Only one stretch of the data below is needed: the line with "Pull gris et" through the last line. Output it exactly and drop the pictures.

BEGIN Records to use

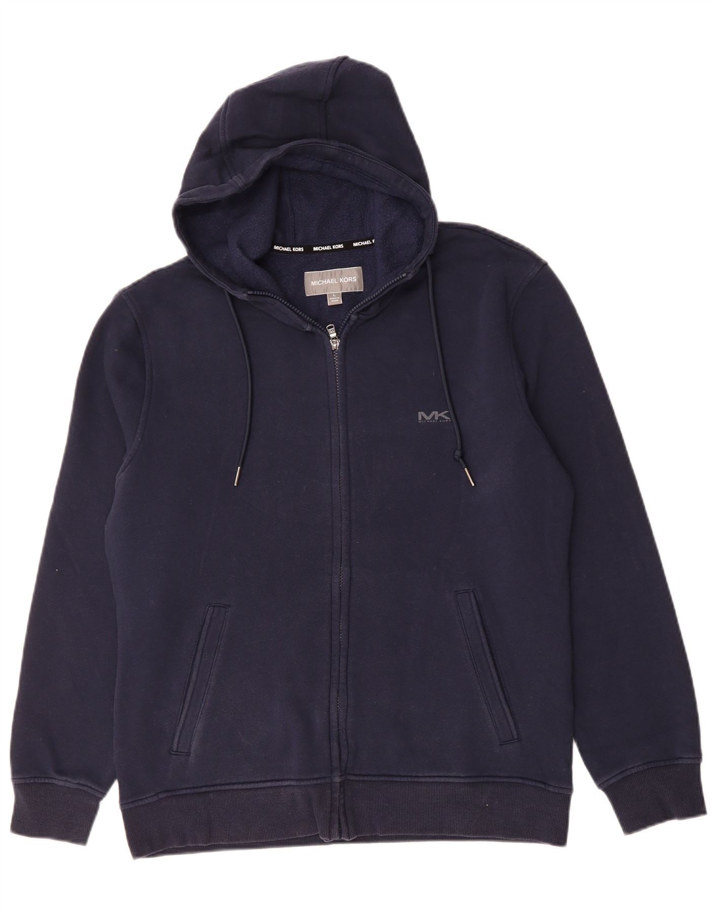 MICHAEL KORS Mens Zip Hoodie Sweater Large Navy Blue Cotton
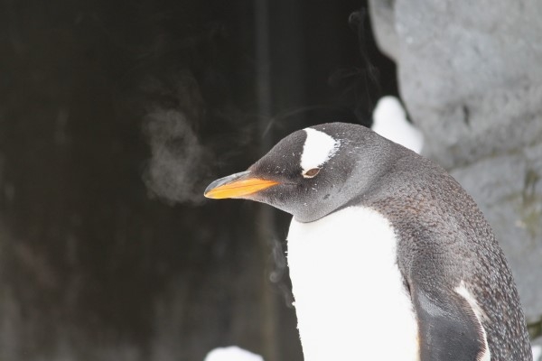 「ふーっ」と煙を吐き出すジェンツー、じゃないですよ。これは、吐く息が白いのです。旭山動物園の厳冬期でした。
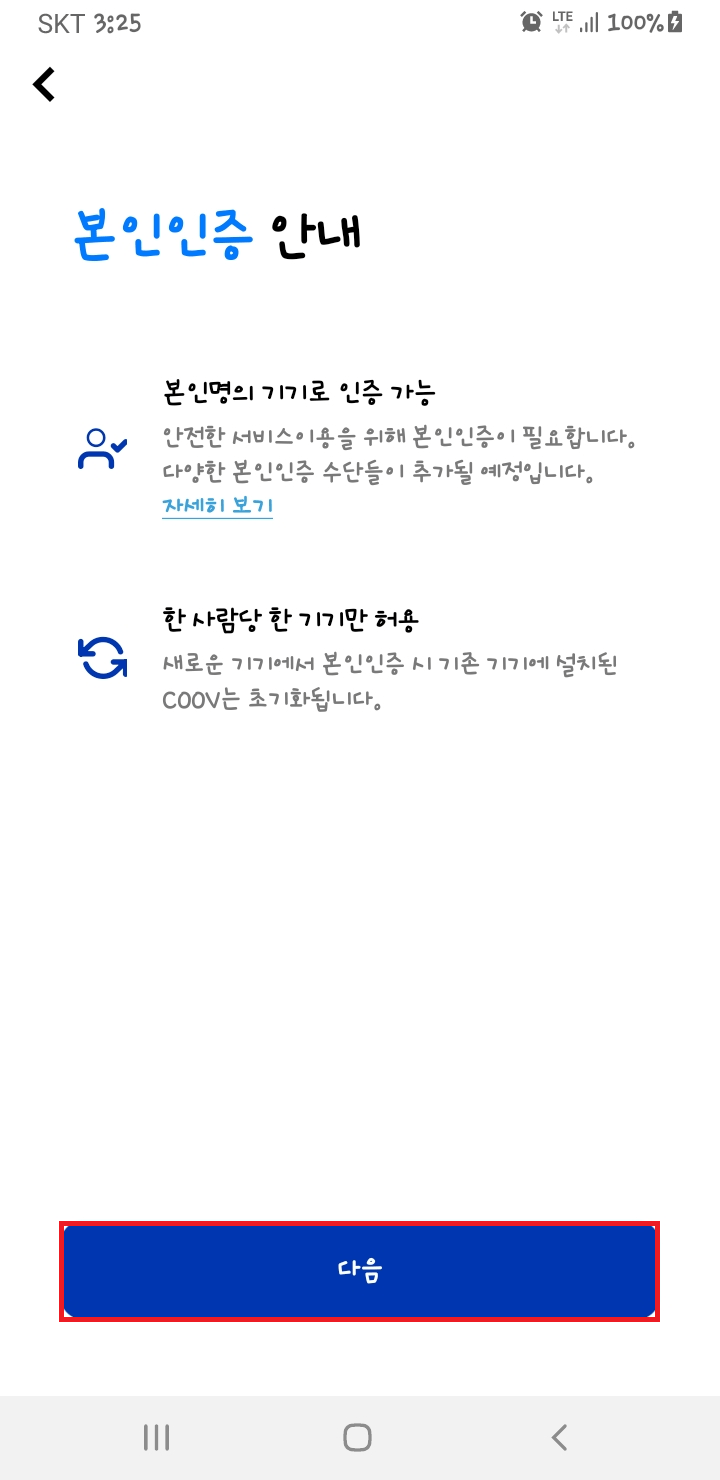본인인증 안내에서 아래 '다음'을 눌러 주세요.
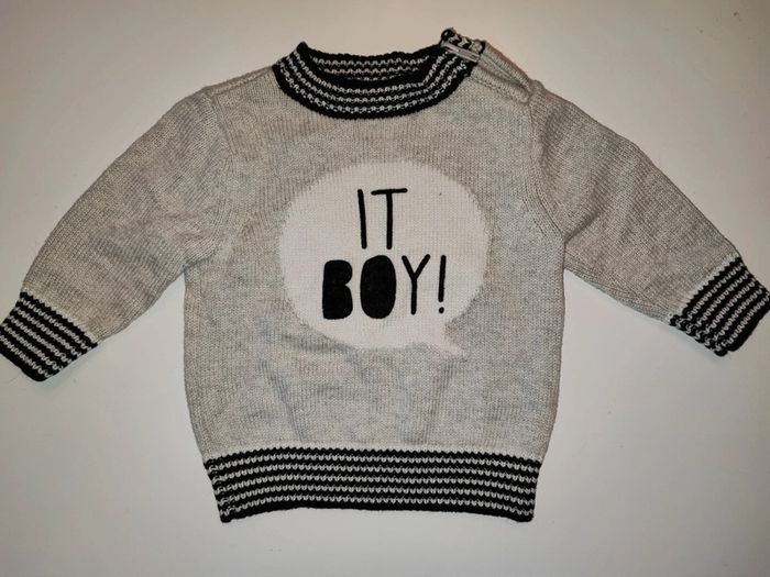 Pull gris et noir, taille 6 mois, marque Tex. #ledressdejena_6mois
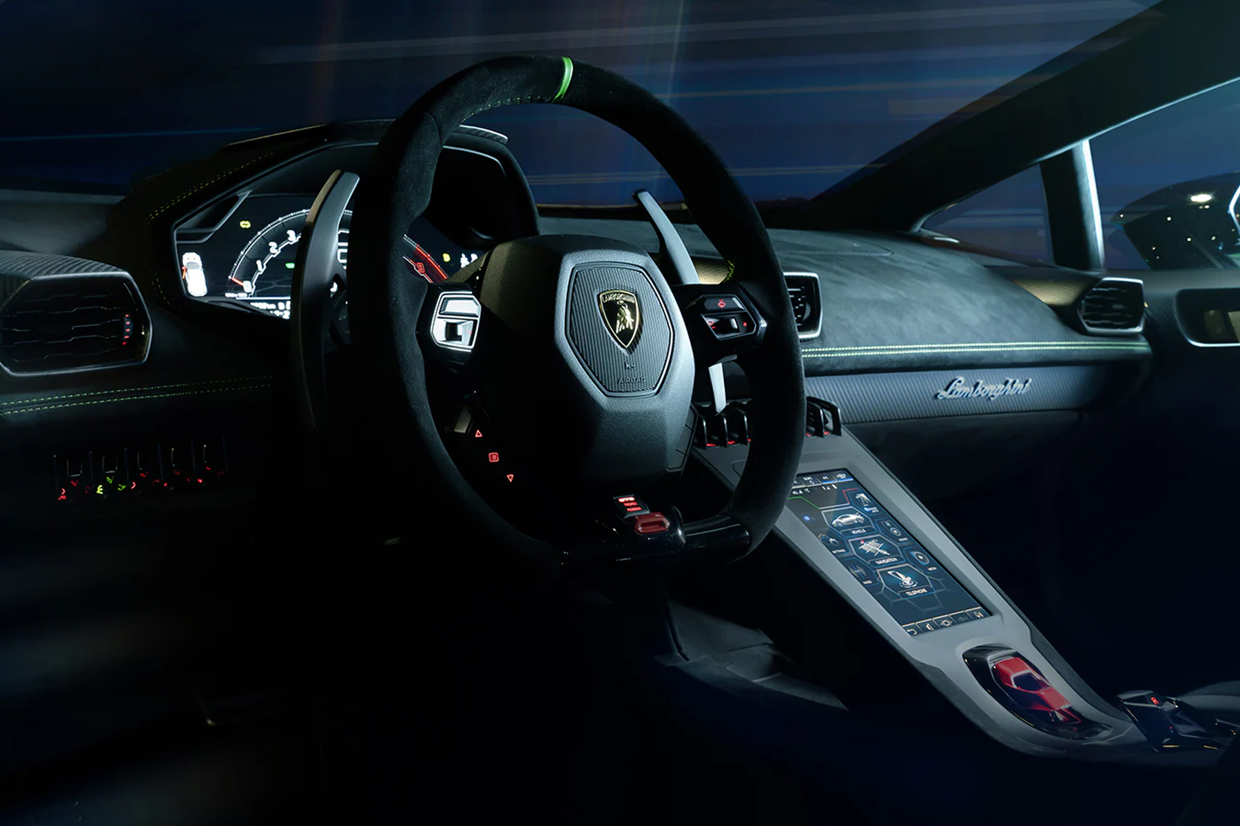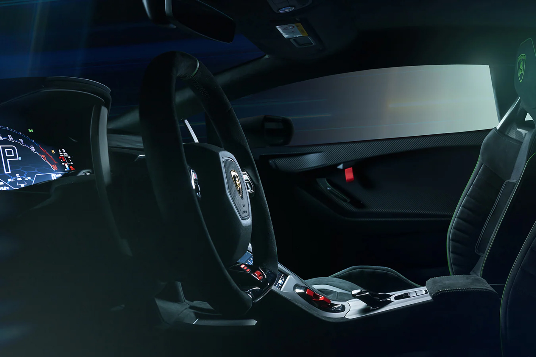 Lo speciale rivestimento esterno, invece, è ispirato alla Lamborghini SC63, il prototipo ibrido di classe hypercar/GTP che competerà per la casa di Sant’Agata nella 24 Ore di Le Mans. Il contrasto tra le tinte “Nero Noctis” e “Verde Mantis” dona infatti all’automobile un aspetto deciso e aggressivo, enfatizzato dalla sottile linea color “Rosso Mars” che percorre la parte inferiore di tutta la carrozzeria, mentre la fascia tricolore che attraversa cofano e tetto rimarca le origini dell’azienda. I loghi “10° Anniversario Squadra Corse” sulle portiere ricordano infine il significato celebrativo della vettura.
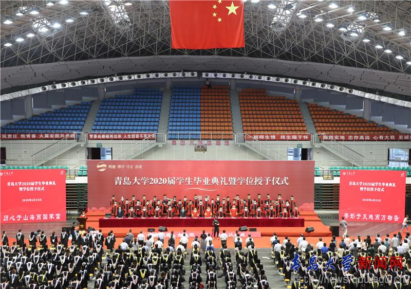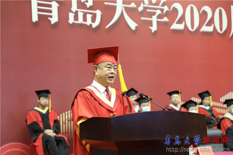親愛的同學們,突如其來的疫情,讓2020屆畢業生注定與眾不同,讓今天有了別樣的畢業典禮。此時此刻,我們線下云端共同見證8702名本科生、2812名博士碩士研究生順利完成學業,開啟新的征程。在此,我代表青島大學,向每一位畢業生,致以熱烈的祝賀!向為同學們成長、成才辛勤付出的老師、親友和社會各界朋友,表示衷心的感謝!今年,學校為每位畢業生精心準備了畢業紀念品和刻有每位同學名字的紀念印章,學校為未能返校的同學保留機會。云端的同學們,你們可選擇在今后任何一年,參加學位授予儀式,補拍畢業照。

END Records to use

# Completed exercise
 Pull gris et noir, taille 6 mois, marque Tex. #ledressdejena_6mois
 Lo speciale rivestimento esterno, invece, è ispirato alla Lamborghini SC63, il prototipo ibrido di classe hypercar/GTP che competerà per la casa di Sant’Agata nella 24 Ore di Le Mans. Il contrasto tra le tinte “Nero Noctis” e “Verde Mantis” dona infatti all’automobile un aspetto deciso e aggressivo, enfatizzato dalla sottile linea color “Rosso Mars” che percorre la parte inferiore di tutta la carrozzeria, mentre la fascia tricolore che attraversa cofano e tetto rimarca le origini dell’azienda. I loghi “10° Anniversario Squadra Corse” sulle portiere ricordano infine il significato celebrativo della vettura.
親愛的同學們,突如其來的疫情,讓2020屆畢業生注定與眾不同,讓今天有了別樣的畢業典禮。此時此刻,我們線下云端共同見證8702名本科生、2812名博士碩士研究生順利完成學業,開啟新的征程。在此,我代表青島大學,向每一位畢業生,致以熱烈的祝賀!向為同學們成長、成才辛勤付出的老師、親友和社會各界朋友,表示衷心的感謝!今年,學校為每位畢業生精心準備了畢業紀念品和刻有每位同學名字的紀念印章,學校為未能返校的同學保留機會。云端的同學們,你們可選擇在今后任何一年,參加學位授予儀式,補拍畢業照。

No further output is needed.